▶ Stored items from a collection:
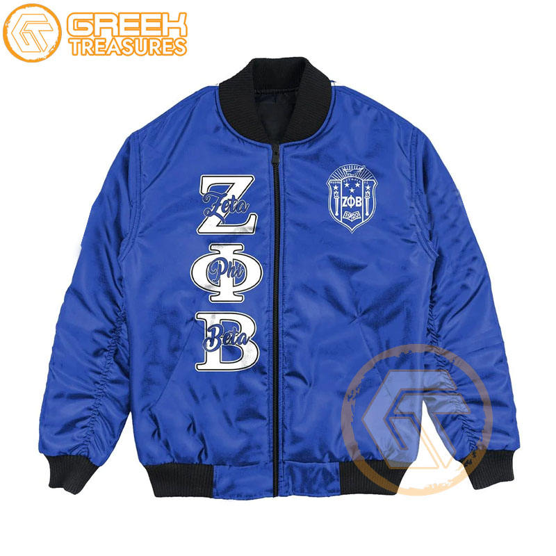 เสื้อแจ็กเก็ตทีมโรงเรียน Zeta phi Beta ผ้าซาตินปักลายมีตัวอักษรเด่นสำหรับฤดูใบไม้ร่วง
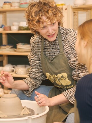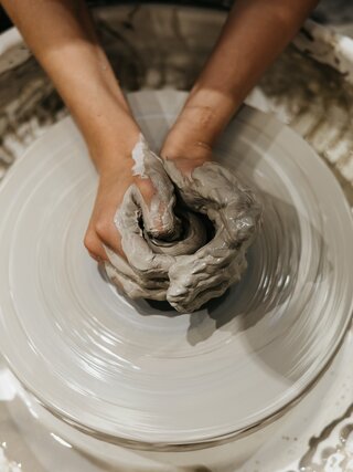 Wenn du Lust hast, die Grundlagen direkt live zu lernen, dann schnupper doch in unseren Töpferkurs hinein oder probiere gleich die Drehscheibe aus.
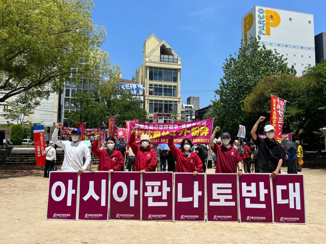 G7정상회의기간인 19~21일(현지시간) 민중민주당(민중당)세계반제플랫포옴히로시마원정단의 히로시마원정투쟁이 전개됐다.
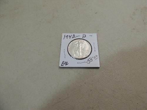1942-D UNC WALKING LIBERTY HALF DOLLAR. AS SHOWN. VIEW PICTURE FOR DETAIL.
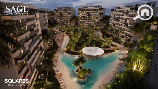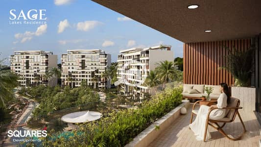 Two-bedroom apartment, 112m, in a Sag Compound with a view of the lagoon and landscaping, with a monthly installment of only 24,000 from a strong real estate developer with real projects, next to the Diplomatic District and the Ministries District.
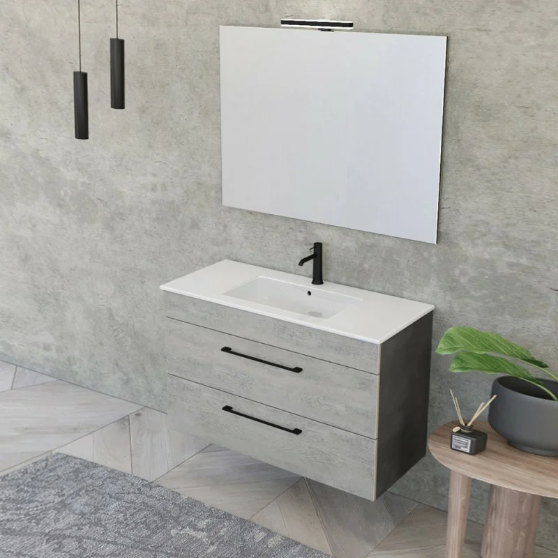 Mobile bagno sospeso – Smart 100 cm grigio effetto legno e fianchi grigio lava con lavabo e specchio
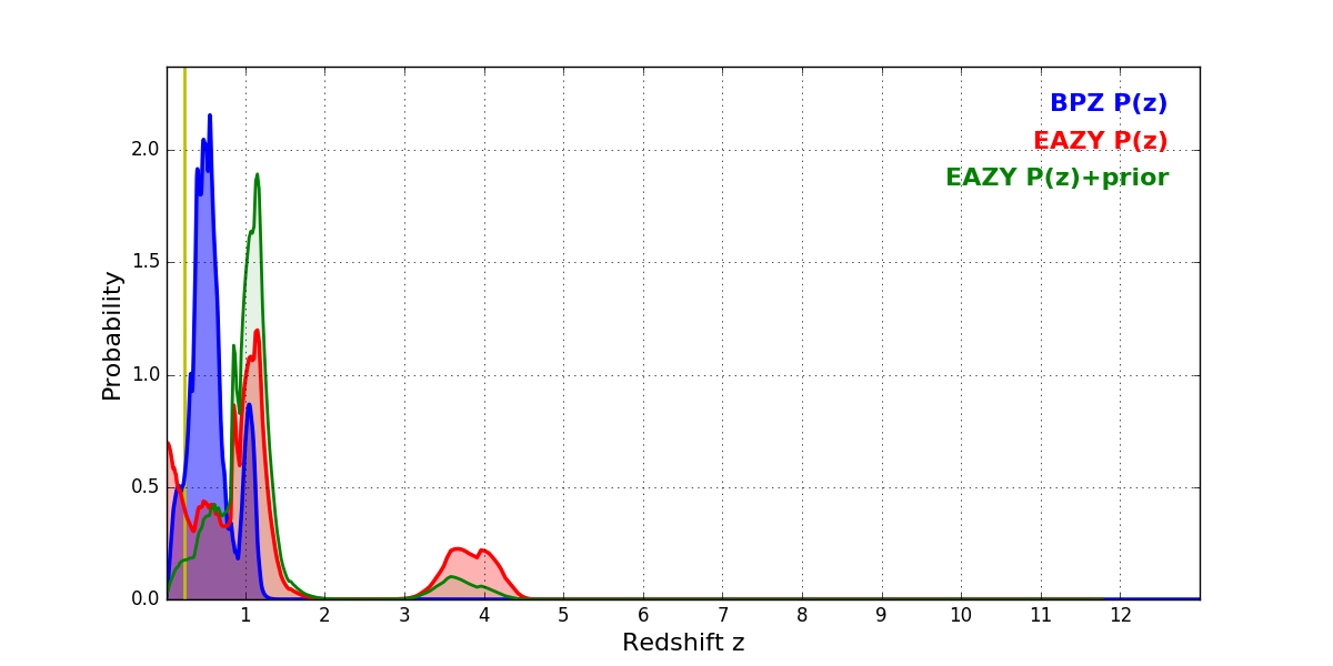 In P(z) plots: Yellow lines mark the cluster redshift z = 0.228,

▶ PROBLEM TO SOLVE:
The data above is to be printed exactly, all of it, except for the pictures.

▶ ANSWER FOR THE TASK:
 เสื้อแจ็กเก็ตทีมโรงเรียน Zeta phi Beta ผ้าซาตินปักลายมีตัวอักษรเด่นสำหรับฤดูใบไม้ร่วง
 Wenn du Lust hast, die Grundlagen direkt live zu lernen, dann schnupper doch in unseren Töpferkurs hinein oder probiere gleich die Drehscheibe aus.
 G7정상회의기간인 19~21일(현지시간) 민중민주당(민중당)세계반제플랫포옴히로시마원정단의 히로시마원정투쟁이 전개됐다.
1942-D UNC WALKING LIBERTY HALF DOLLAR. AS SHOWN. VIEW PICTURE FOR DETAIL.
 Two-bedroom apartment, 112m, in a Sag Compound with a view of the lagoon and landscaping, with a monthly installment of only 24,000 from a strong real estate developer with real projects, next to the Diplomatic District and the Ministries District.
 Mobile bagno sospeso – Smart 100 cm grigio effetto legno e fianchi grigio lava con lavabo e specchio
 In P(z) plots: Yellow lines mark the cluster redshift z = 0.228,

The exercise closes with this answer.